Após ouvir a descrição dos Pandavas deixando Hastinapura, o rei cego Dhritarashtra conversa com seu auriga e Sanjaya faz a seguinte ponderação:

“- Majestade, a loucura pode surpreender um homem e, sob uma estranha luz, o mal lhe parecerá o bem. Ele ansiará pela insensatez e pela insanidade, e desejará seguir esse caminho. Receberá com boas vindas a destruição e a calamidade, e por elas será esmagado. Quem senão seu filho ousaria desonrar Draupadi?”(Mahabharata, recontado por William Buck, editora Cultrix, São Paulo, 1995, p. 111)

Os Pandavas já estão na selva quando Arjuna resolve caçar e reencontra Krishna. Ambos levam um animal abatido para o acampamento. Draupadi lembra como foi maltratada por Duhasasana e Krishna a consola dizendo:

“- Princesa, permanecemos na roda da vida que gira e gira, e vagamos eternamente de um nascimento a outro. Agora somos reis, logo depois passamos toda uma existência na crista de uma folha de relva. Nada e ninguém jamais nos fará perder esta vida, haja o que houver. Draupadi, quando lhe sobrevém uma grande felicidade, você não estranha e hesita em aceitar que ela seja real?

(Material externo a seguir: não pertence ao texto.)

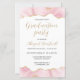 This trendy graduation party invitation features a top and bottom border of watercolor agate geode in shades of pink with faux gold glitter highlights. The words "Graduation party" appear in decorative modern gold-coloured handwriting font. Customize the invitation with the name of the graduate in gold, along with the school, class year and party details in charcoal grey on a white background. The back of the card is solid white.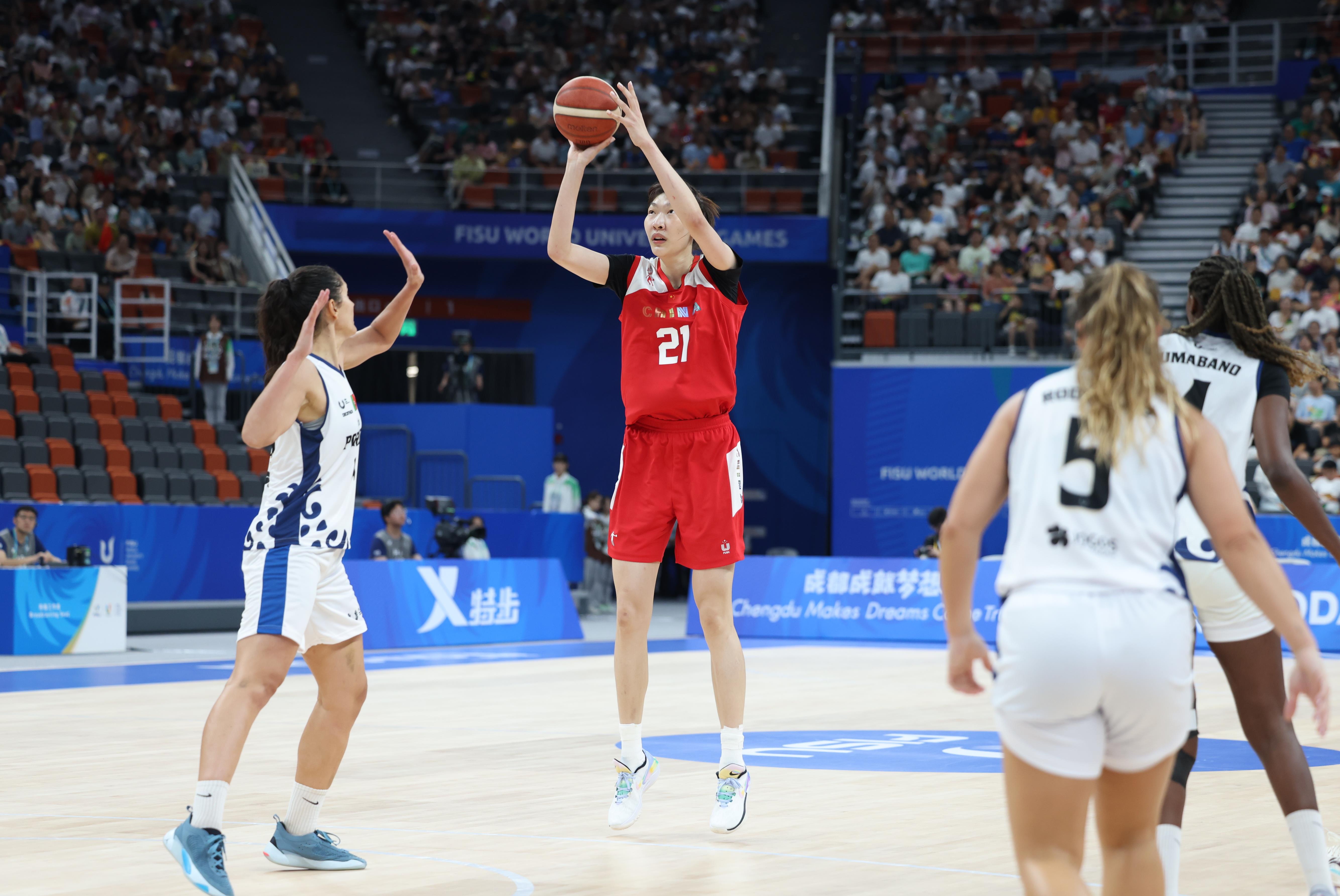 △2023年7月28日,在成都大運(yùn)會女籃小組賽中,中國大學(xué)生女籃戰(zhàn)勝葡萄牙大學(xué)生女籃。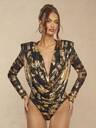 Silquee Women's Tie-Dye Purple-Brown Stretch Mesh Printed Long-Sleeved Bodysuit. Asymmetrical Crossover Slim Fit, Classic And Elegant Design, Suitable For Commuting And Everyday Wear, Also Great For Layering In Autumn And Winter. Perfect For Graduation Parties, Christmas, Dates, Parties, And Girls' Night Out.

– Freqüentemente penso assim.

Não aceite, portanto, este infortúnio sem pô-lo à prova. Nada sabemos; ele talvez desapareça, e talvez nem seja verdadeiro.” (Mahabharata, recontado por William Buck, editora Cultrix, São Paulo, 1995, p. 112)

Os três fragmentos citados evidenciam três maneiras de pensar sobre um problema político: a certeza esotérica de que o poder engendra a verdade (Bhishma); a crença de que o erro é inevitável e acarreta o infortúnio (Sanjaya); a disposição saudável de considerar tudo transitório, não se deixando dominar por hesitações diante da felicidade e por temores em razão das adversidades (Krishna).

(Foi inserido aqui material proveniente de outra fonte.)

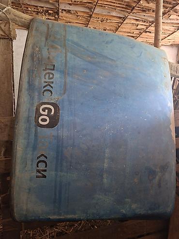 Капот автомобиля с голубой окраской и вертикальной надписью «Яндекс Go Такси» сбоку. Материал — металл, наружная поверхность окрашена, снаружи имеются следы эксплуатации и налета. Геометрия капота близка к прямоугольной с плавными радиусами по краям; внутренние ребра жесткости не показаны на фото. Подойдет как недорогая замена, основа под перекраску или для проекта/декора (гараж, мастерская, тематическое оформление). Размер — стандартный легковой капот; крепежные проушины и отверстия под петли и упоры — штатного типа (визуально соответствуют типовым решениям легковых авто). Наклейки/брендинг «Яндекс Go Такси» сохранены.

Não há dúvida de que o Constitucionalismo (que garante a igualdade), Direito (que rejeita a seletividade) e a Justiça (que atribui a cada qual o que é devido sem fazer distinções) são os três grandes trunfos da nossa civilização. Todavia, desde 2016 a igualdade vem sendo sabotada pelo MPF, o Direito foi transformado num simulacro e a Justiça se tornou capaz de premiar criminosos e perseguir inocentes.

Todas as representações fundamentadas feitas contra Jair Bolsonaro por líderes da esquerda foram arquivadas por Augusto Aras. Ele somente requereu o início de Inquérito contra o presidente após ele ser acusado por Sérgio Moro. Portanto, a atitude seletiva do Procurador Geral da República reflete as palavras de Bhishma “Aquilo que os poderosos dizem ser certo acaba por adquirir o peso da sua força; e ainda que os fracos falem a verdade, quem lhes dará ouvidos?”

A verdade do Direito, entretanto, não pode ser a seletividade. Sempre que uma autoridade interpreta nossa Constituição Cidadã de maneira a transformá-la num simulacro que reforça a desigualdade entre a esquerda e a direita, ela “…ansiará pela insensatez e pela insanidade, e desejará seguir esse caminho. Receberá com boas vindas a destruição e a calamidade, e por elas será esmagado.” colocando-se sob influência das observações de Sanjaya.

De maneira geral, os líderes de esquerda tem permitido ao MPF e à Justiça se conduzir dentro dos limites estreitos delimitados pela certeza esotérica de que o poder engendra a verdade e pela crença de que valorizar a igualdade seria um erro é inevitável que acarretaria grande infortúnio. Adiar nosso conflito civilizatório nunca será capaz de solucioná-lo.

Portanto, a esquerda precisa começar a cultivar a saudável disposição de considerar tudo transitório, de não se deixando dominar por hesitações e temores. A República já caiu. A democracia já deixou de existir. Chegou a hora de parar de fazer de conta que não existe um conflito grave que terá que ser resolvido de maneira dramática.